Galaxy (https://usegalaxy.org/) is an open source, web-based platform for data intensive biomedical research. Galaxy allows users to bring their own genomic data to serve as inputs for bioinformatic tools and workflows. Galaxy provides a digestible point and click interface, allowing researchers to focus on analysis results instead of coding semantics, thereby lowering the activation energy required to get started with bioinformatics. The free public web server version of Galaxy is supported by the Galaxy project and includes many bioinformatic tools that are broadly useful. Users can create an account, save analysis histories, workflows, and even datasets on the public server. Further, pipelines and analysis workflows can easily be shared across collaborating partners.

4.3 |. Terra

Terra (https://terra.bio/) is a cloud-based scalable platform for biomedical research developed by the Broad Institute and powered by the Google Cloud Platform (GCP).
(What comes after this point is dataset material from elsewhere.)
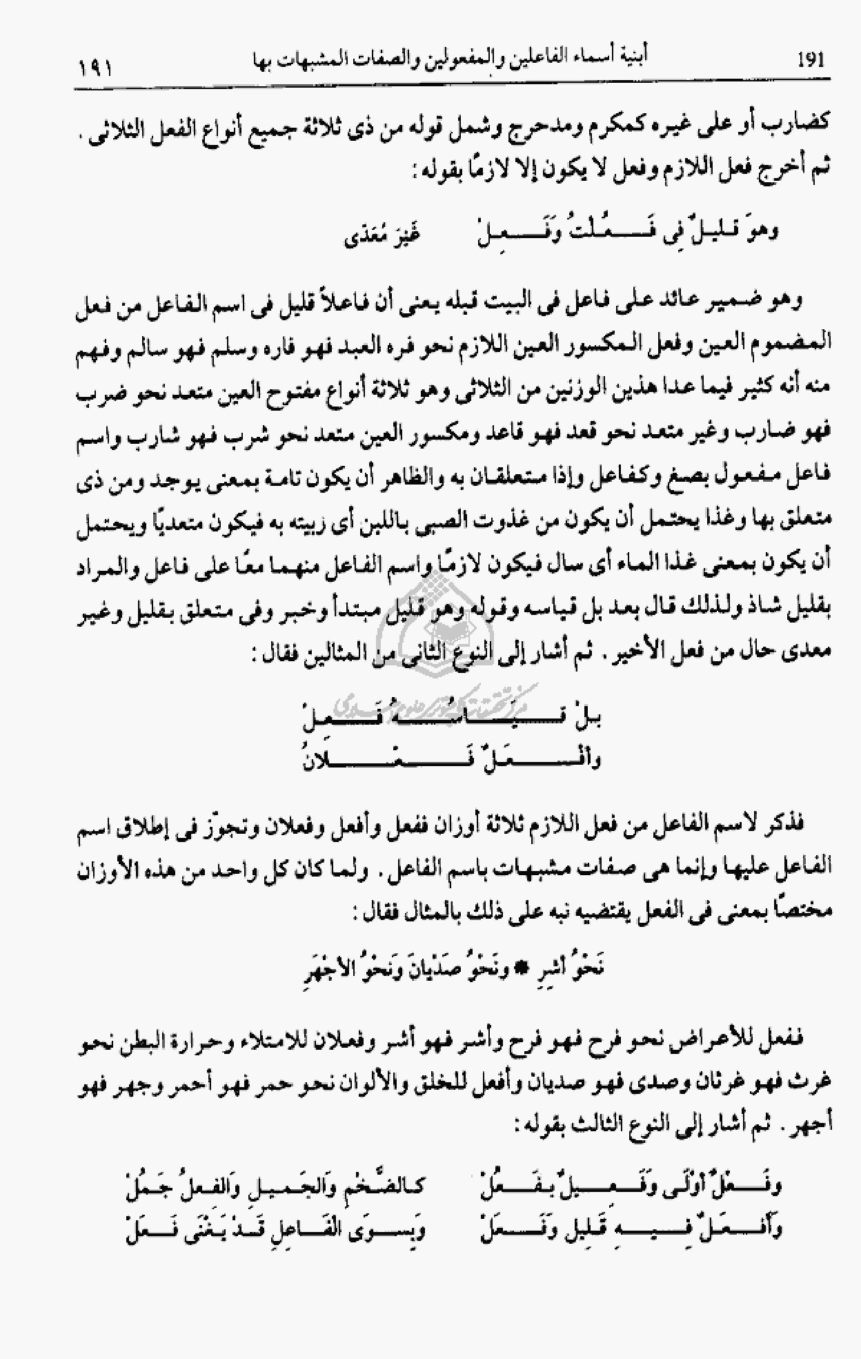 ففعل للأعراض نحو فرح فهو فرح وأشر فهو أشر وفعلان للامتلاء وحرارة البطن نحو غرث فهو غرثان وصدى فهو صديان وأفعل للخلق والألوان نحو حمر فهو أحمر وجهر فهو أجهر. ثم أشار إلى النوع الثالث بقوله:

The platform is modular, open source, community-driven, and standards-based with the goal of facilitating collaboration among researchers and tool developers across the globe to accelerate scientific discovery. Terra leverages individual workspaces where users can bring their own data and employ popular cloud-based analysis tools. The users can securely share data, code, and analysis results with others in Terra, which has helped in the adaption of analytic pipelines for canine genomics. Registration on Terra is free using any Google managed identity and Google provides $300 in cloud credits for new users to try the platform before committing their own funds.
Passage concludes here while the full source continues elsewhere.